Records from a dataset:
——

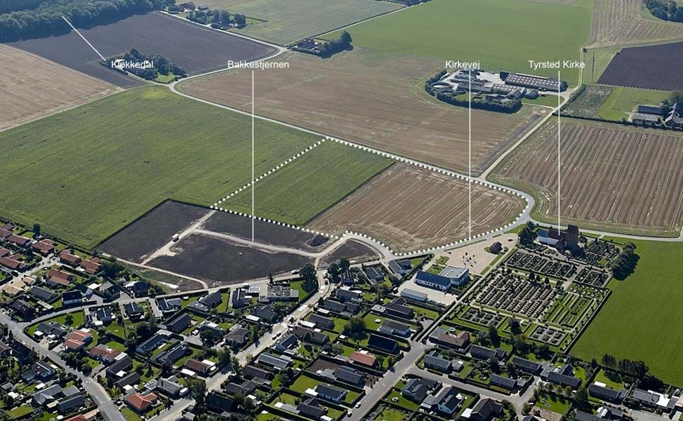 Lokalplanområdet set mod sydøst. Nord for området ses den første udstykning på Tyrsted Høj, Bakkestjernen
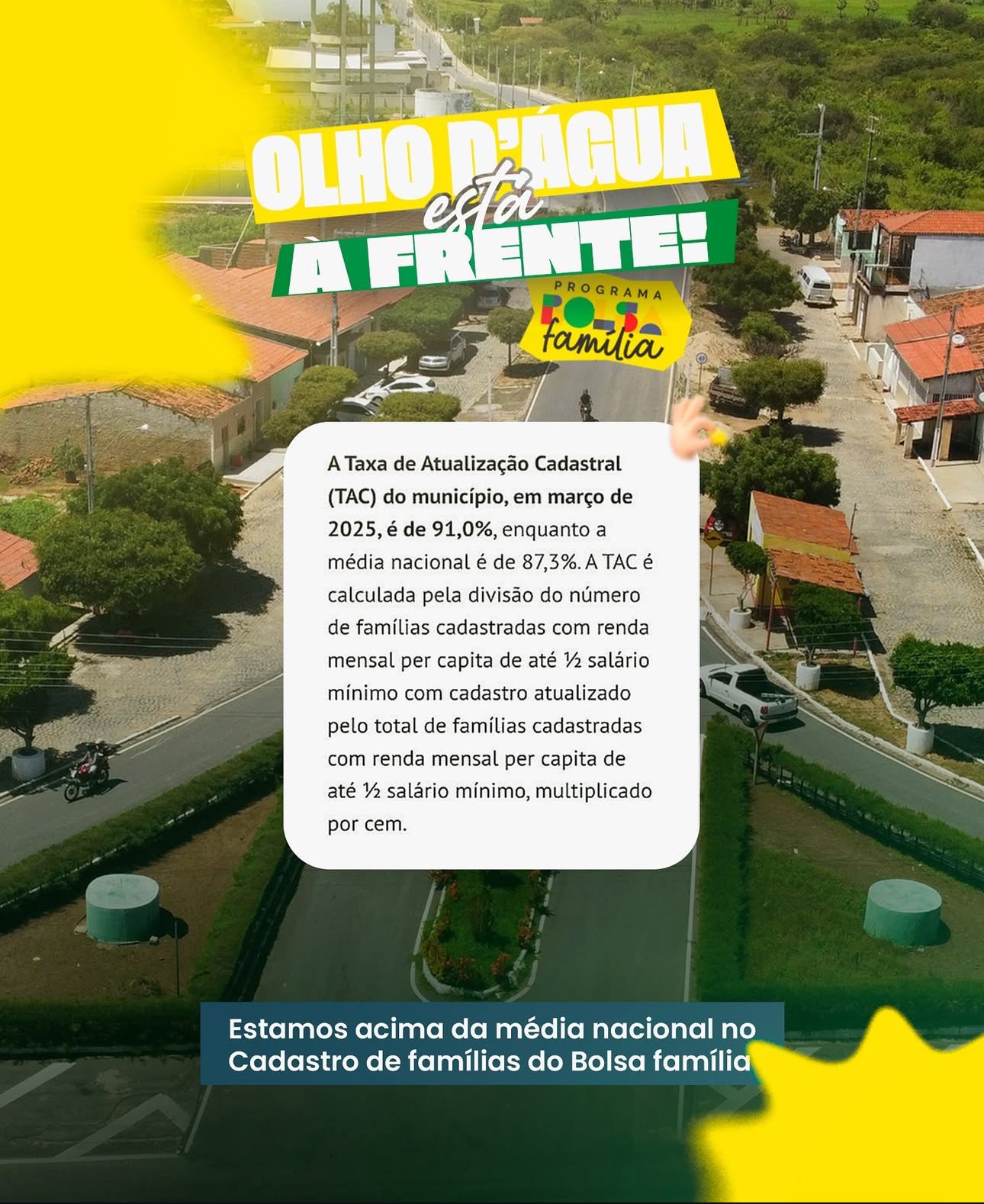 O município de Olho D’Água segue demonstrando compromisso e responsabilidade com as famílias que mais precisam. Em março, a cidade alcançou 91,0% de atualização cadastral do Programa Bolsa Família, índice que supera a média nacional e reforça o trabalho eficiente desenvolvido pela gestão municipal.
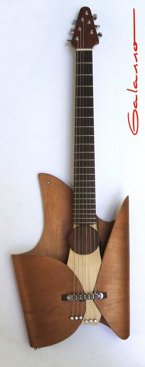 Наткнулся на очень интересную гитару от аргентинского мастера Ezequiel Galasso. Гитара называется «Leaf», сиречь «Лист». И действительно, очень похоже на лист. Находка с гнутым шпоном, как мне, довольно свежа. Все выглядит необычно и круто. В общем, смотрим фото.
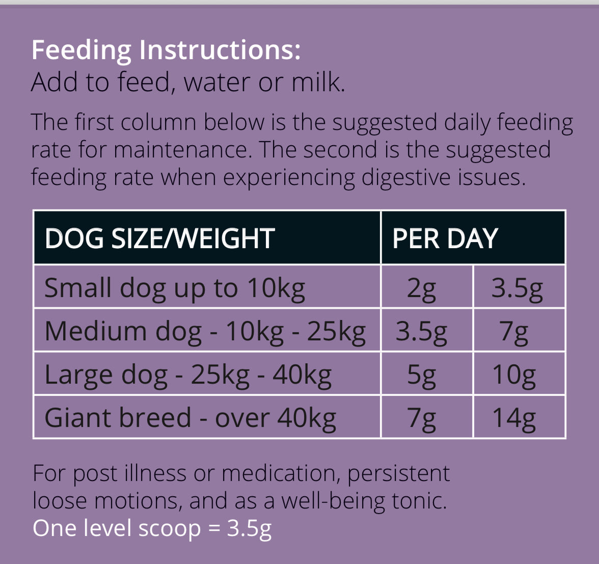 PreproFlex Advanced is supplied as an easy to mix powder. Add to your dog’s daily food once per day. Adjust feeding amounts according to your dog’s size and individual needs.
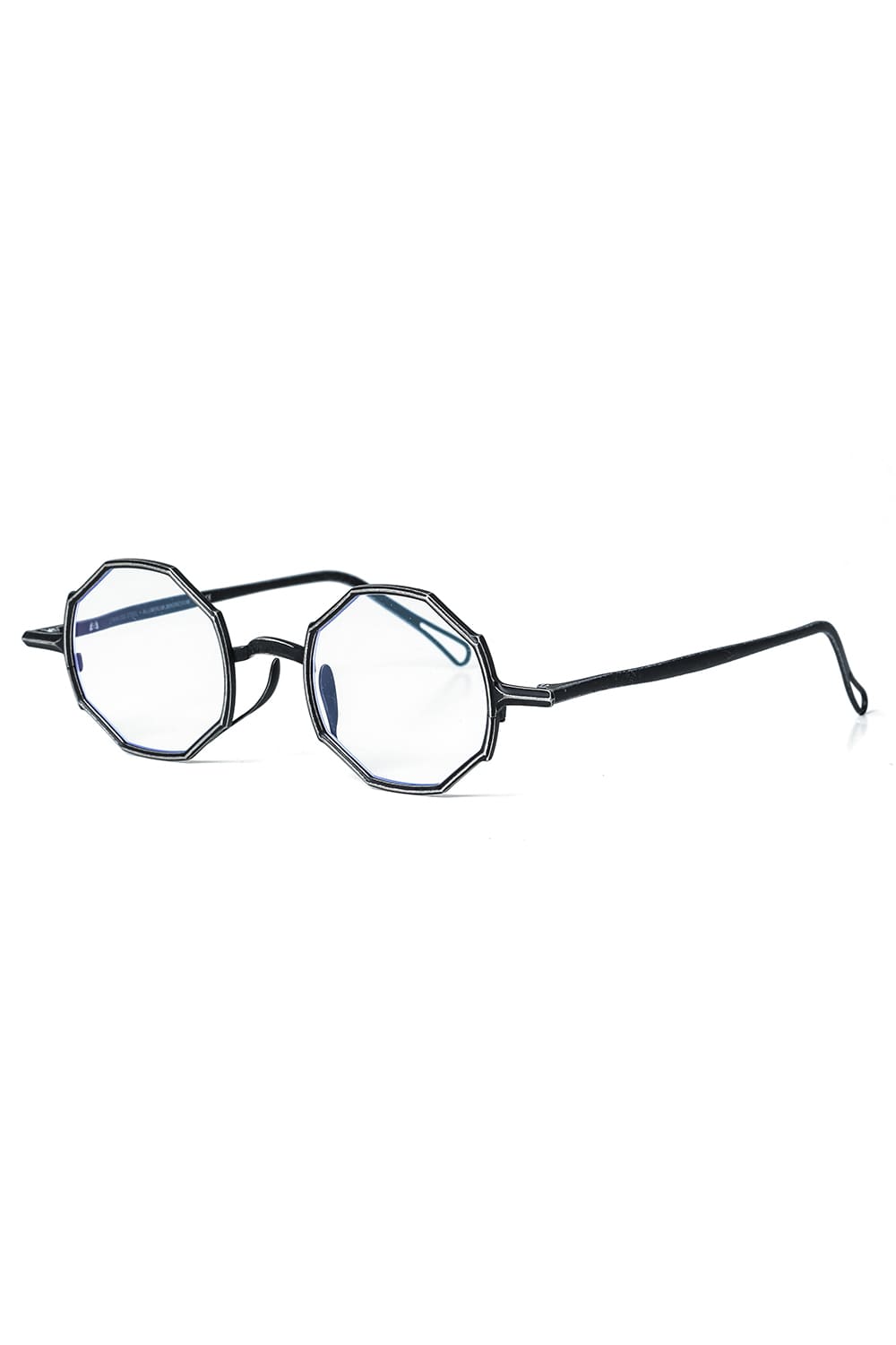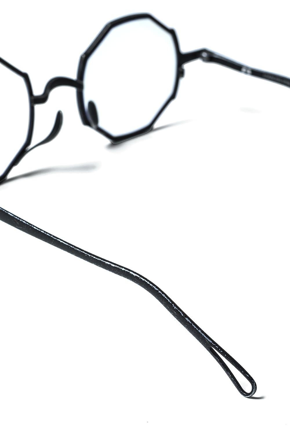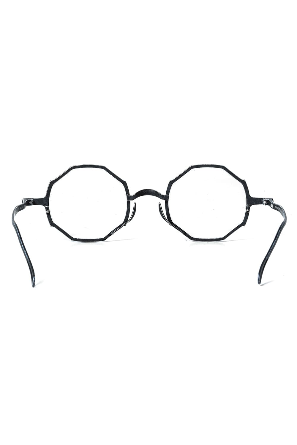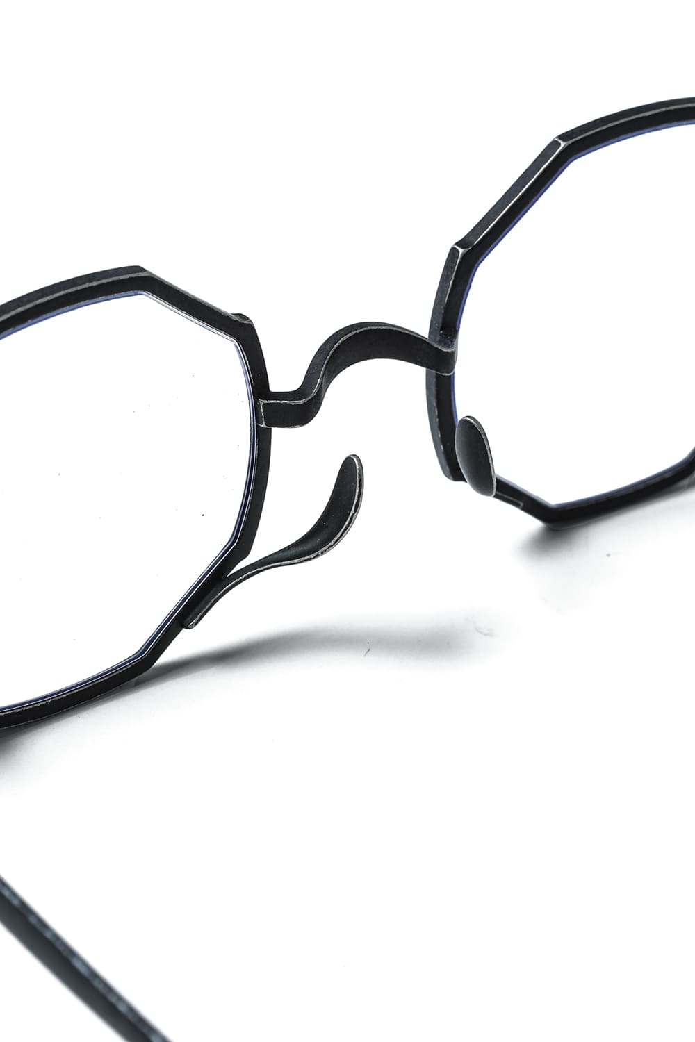 ステンレスのオクタゴンフレームが印象的なアイウェア。八角形の辺は全て直線ではなく規則性を持って少し湾曲しています。また、ブラックの塗装を施した後でエッジを研磨することでマテリアルを露出させています。それにより美しいテクスチャになりヴィンテージのような無骨な存在感を表現。使い込むことにより、ステンレス自体の輝きが徐々に現れていき、オンリーワンのアイウェアになっていくことでしょう。テンプルのパーツはアルミニウム製で軽い掛け心地です。羽根の様なノーズパッドは想像以上のフィット感があり日常的にご使用いただけます。他にレザーケースと保証書、クロスが付属しています。

——

WHAT YOU WILL DO:
Pictures excluded, return exactly the lines from the one with "Наткнулся на очень" through the final line of the entries above, both included.

YOUR SOLUTION:
 Наткнулся на очень интересную гитару от аргентинского мастера Ezequiel Galasso. Гитара называется «Leaf», сиречь «Лист». И действительно, очень похоже на лист. Находка с гнутым шпоном, как мне, довольно свежа. Все выглядит необычно и круто. В общем, смотрим фото.
 PreproFlex Advanced is supplied as an easy to mix powder. Add to your dog’s daily food once per day. Adjust feeding amounts according to your dog’s size and individual needs.
 ステンレスのオクタゴンフレームが印象的なアイウェア。八角形の辺は全て直線ではなく規則性を持って少し湾曲しています。また、ブラックの塗装を施した後でエッジを研磨することでマテリアルを露出させています。それにより美しいテクスチャになりヴィンテージのような無骨な存在感を表現。使い込むことにより、ステンレス自体の輝きが徐々に現れていき、オンリーワンのアイウェアになっていくことでしょう。テンプルのパーツはアルミニウム製で軽い掛け心地です。羽根の様なノーズパッドは想像以上のフィット感があり日常的にご使用いただけます。他にレザーケースと保証書、クロスが付属しています。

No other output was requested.